## [Data provided]
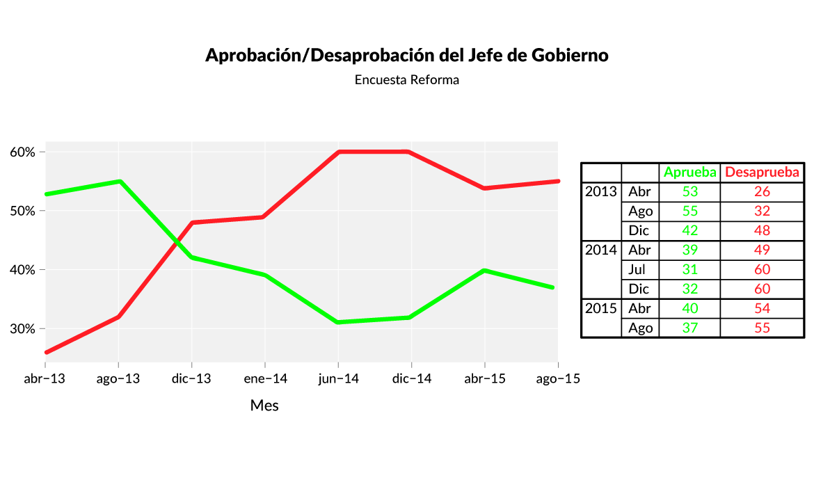 En 2012, Miguel Ángel Mancera obtuvo uno de los triunfos más contundentes en la elección de Jefe de Gobierno al obtener el 63.6% de los votos. Además, contaba con una Asamblea Legislativa del Distrito Federal (ALDF) con mayoría de miembros del Partido de la Revolución Democrática y la mayoría de las delegaciones de la capital eran controladas por el mismo partido. En vista de su posición privilegiada en una de las entidades con mayor peso político en el país, este escenario presentaba las condiciones idóneas para su proyección y consolidación como figura política – como lo hicieron sus antecesores Andrés Manuel López Obrador y Marcelo Ebrard – de cara a las elecciones de 2018. A tres años del inicio de su gestión, Mancera se encuentra en una posición diametralmente distinta: una asamblea sin mayoría del partido que lo llevó al poder y con índices de aprobación menores al 40% (ver Gráfica 1).
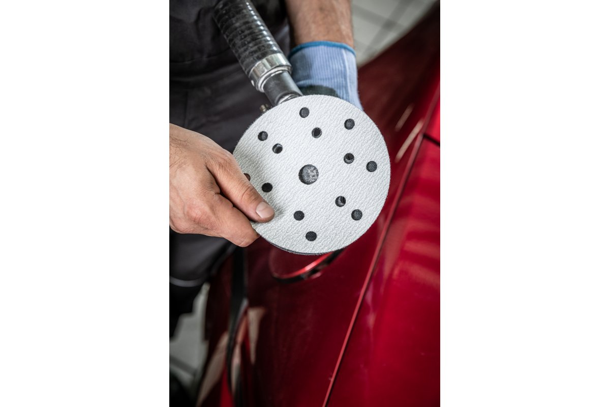 Круг шлифовальный на липучке с диаметром 150 мм для угловых и эксцентриковых шлифовальных машин, оснащенных соответствующими насадками. Предназначен для шлифовки шпатлевки, краски и лака. В основном используется в промышленности, ремесле и строительстве. Предназначен для профессионального использования.
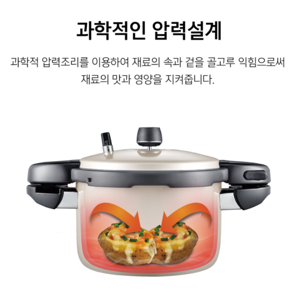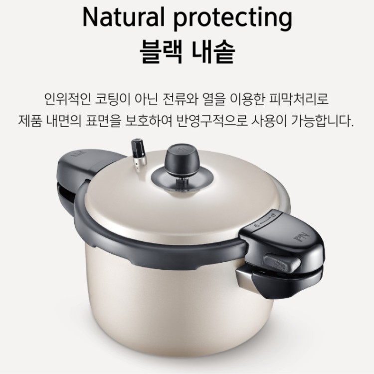 Toàn bộ cấu trúc nhôm tinh khiết nguyên khối cao cấp dầy 3.5mm cực kỳ bền và không bong tróc, nồi áp suất nhôm chống dính IH POONGNYUN BEDPC-06(IH) tối đa hóa hiệu suất dẫn và giữ nhiệt làm thức ăn chín đều cực nhanh mà thức ăn không bị cháy khét, tiết kiệm thời gian cũng như chi phí nhiên liệu nấu và giảm sự phá hủy chất dinh dưỡng trong quá trình nấu ăn một cách hiệu quả. Hơn thế nữa, với công nghệ nấu áp suất khoa học để tăng điểm sôi của nước lên 120ºC và chịu được sự gia nhiệt lên đến 400ºC làm thức ăn chín mềm nhanh hơn so với khi nấu bằng nồi áp suất điện.
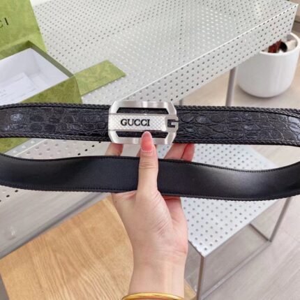 This Gucci square buckle black crocodile pattern belt highlights the wearer’s noble temperament with its excellent quality and unique design.
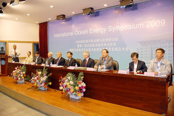 开幕式在学校逸夫馆东安报告厅举行。中国可再生能源学会秘书长李宝山,国家科技部高新司处长郑方能,中国科学院国家海洋局第二海洋研究所苏纪兰院士,国际能源署海洋能系统执委会主席约翰·胡克比博士,黑龙江省人大原副主任、我校朱典明教授,科技部高新技术中心处长陈硕翼,中国海洋石油总公司新能源投资有限责任公司副总经理左柯庆,中国海洋协会国际合作工作委员会主任、浙江省海洋学会海洋遥感与信息专业委员会主任黄韦艮教授等出席开幕式。
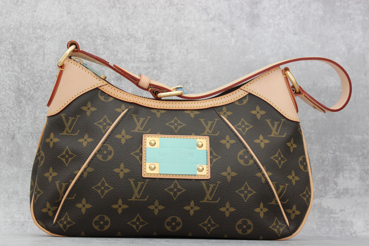 Louis Vuitton Monogram Canvas Thames PM. Features monogram canvas, natural cowhide trim, gold-tone hardware, Inventeur plaque, zip-top closure, adjustable shoulder strap and textile lining with flat pocket and cell pocket. Strap adjusts from a drop of 9″ – 10″. Measures 12.75″ x 8.5″ x 2.5″. Made in France. Date Code: AR2069. This bag is brand new. Protective plastic still covers most of the hardware. Comes with tag and dust cover.
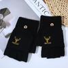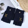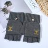 Winter Knitted Gloves Men's Half-finger Outdoor Cycling Plus Velvet Warm Embroidered Antlers Touch Screen Half-finger Flip Cover
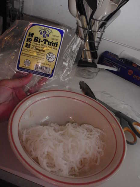 - Tiras de piel de cerdo para el caldo a calentar un poco ^
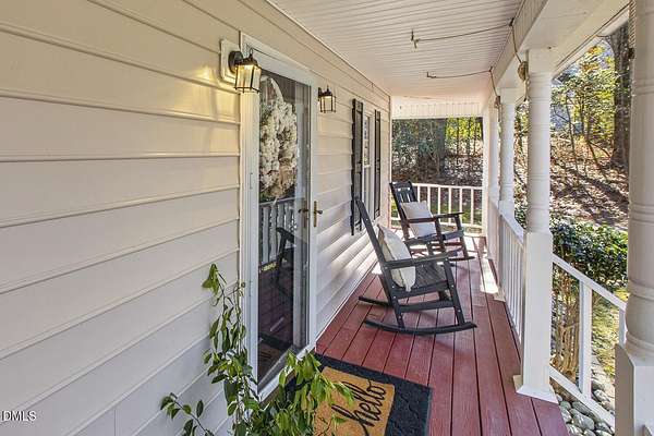 Tucked away on a quiet cul-de-sac, this charming 1,528 sq ft home invites you to slow down and settle in. Nestled on a private 2.39-acre wooded lot with no HOA, it offers the rare combination of peaceful country living and everyday convenience - just minutes from town. The sweet wraparound front porch sets the tone, welcoming you home and creating the perfect spot to enjoy your morning coffee or unwind in the evenings. Inside, a traditional floorplan features a formal dining room, living area, and kitchen on the main level, with three comfortable bedrooms tucked upstairs. Recent updates, including a newer roof and HVAC, provide added peace of mind. Step outside to soak in the serene surroundings from the deck, gather with friends around the fire pit, or imagine the many ways this special property can grow with you. With plenty of space and endless possibilities, it truly feels like a personal retreat. Enjoy the quiet of the countryside without sacrificing accessibility - just 4.5 miles to downtown Fuquay and 12 miles to Lillington. Charming, private, and ideally located, this is a place you'll be happy to call home.
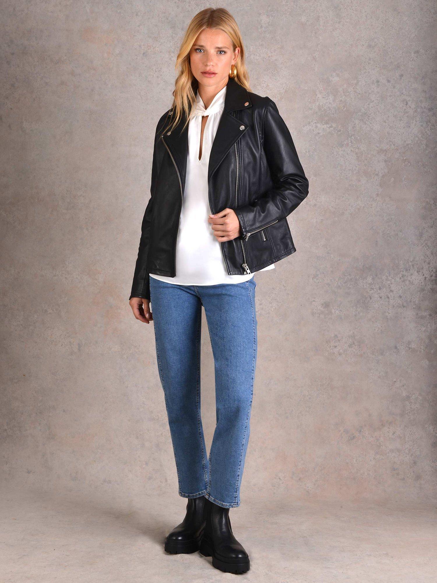 John Lewis Leather Biker Jacket Black Very well made.

## [What you need to do]
Apart from the pictures, restate all of the listing above exactly.

## [Response to the task]
 En 2012, Miguel Ángel Mancera obtuvo uno de los triunfos más contundentes en la elección de Jefe de Gobierno al obtener el 63.6% de los votos. Además, contaba con una Asamblea Legislativa del Distrito Federal (ALDF) con mayoría de miembros del Partido de la Revolución Democrática y la mayoría de las delegaciones de la capital eran controladas por el mismo partido. En vista de su posición privilegiada en una de las entidades con mayor peso político en el país, este escenario presentaba las condiciones idóneas para su proyección y consolidación como figura política – como lo hicieron sus antecesores Andrés Manuel López Obrador y Marcelo Ebrard – de cara a las elecciones de 2018. A tres años del inicio de su gestión, Mancera se encuentra en una posición diametralmente distinta: una asamblea sin mayoría del partido que lo llevó al poder y con índices de aprobación menores al 40% (ver Gráfica 1).
 Круг шлифовальный на липучке с диаметром 150 мм для угловых и эксцентриковых шлифовальных машин, оснащенных соответствующими насадками. Предназначен для шлифовки шпатлевки, краски и лака. В основном используется в промышленности, ремесле и строительстве. Предназначен для профессионального использования.
 Toàn bộ cấu trúc nhôm tinh khiết nguyên khối cao cấp dầy 3.5mm cực kỳ bền và không bong tróc, nồi áp suất nhôm chống dính IH POONGNYUN BEDPC-06(IH) tối đa hóa hiệu suất dẫn và giữ nhiệt làm thức ăn chín đều cực nhanh mà thức ăn không bị cháy khét, tiết kiệm thời gian cũng như chi phí nhiên liệu nấu và giảm sự phá hủy chất dinh dưỡng trong quá trình nấu ăn một cách hiệu quả. Hơn thế nữa, với công nghệ nấu áp suất khoa học để tăng điểm sôi của nước lên 120ºC và chịu được sự gia nhiệt lên đến 400ºC làm thức ăn chín mềm nhanh hơn so với khi nấu bằng nồi áp suất điện.
 This Gucci square buckle black crocodile pattern belt highlights the wearer’s noble temperament with its excellent quality and unique design.
 开幕式在学校逸夫馆东安报告厅举行。中国可再生能源学会秘书长李宝山,国家科技部高新司处长郑方能,中国科学院国家海洋局第二海洋研究所苏纪兰院士,国际能源署海洋能系统执委会主席约翰·胡克比博士,黑龙江省人大原副主任、我校朱典明教授,科技部高新技术中心处长陈硕翼,中国海洋石油总公司新能源投资有限责任公司副总经理左柯庆,中国海洋协会国际合作工作委员会主任、浙江省海洋学会海洋遥感与信息专业委员会主任黄韦艮教授等出席开幕式。
 Louis Vuitton Monogram Canvas Thames PM. Features monogram canvas, natural cowhide trim, gold-tone hardware, Inventeur plaque, zip-top closure, adjustable shoulder strap and textile lining with flat pocket and cell pocket. Strap adjusts from a drop of 9″ – 10″. Measures 12.75″ x 8.5″ x 2.5″. Made in France. Date Code: AR2069. This bag is brand new. Protective plastic still covers most of the hardware. Comes with tag and dust cover.
 Winter Knitted Gloves Men's Half-finger Outdoor Cycling Plus Velvet Warm Embroidered Antlers Touch Screen Half-finger Flip Cover
 - Tiras de piel de cerdo para el caldo a calentar un poco ^
 Tucked away on a quiet cul-de-sac, this charming 1,528 sq ft home invites you to slow down and settle in. Nestled on a private 2.39-acre wooded lot with no HOA, it offers the rare combination of peaceful country living and everyday convenience - just minutes from town. The sweet wraparound front porch sets the tone, welcoming you home and creating the perfect spot to enjoy your morning coffee or unwind in the evenings. Inside, a traditional floorplan features a formal dining room, living area, and kitchen on the main level, with three comfortable bedrooms tucked upstairs. Recent updates, including a newer roof and HVAC, provide added peace of mind. Step outside to soak in the serene surroundings from the deck, gather with friends around the fire pit, or imagine the many ways this special property can grow with you. With plenty of space and endless possibilities, it truly feels like a personal retreat. Enjoy the quiet of the countryside without sacrificing accessibility - just 4.5 miles to downtown Fuquay and 12 miles to Lillington. Charming, private, and ideally located, this is a place you'll be happy to call home.
 John Lewis Leather Biker Jacket Black Very well made.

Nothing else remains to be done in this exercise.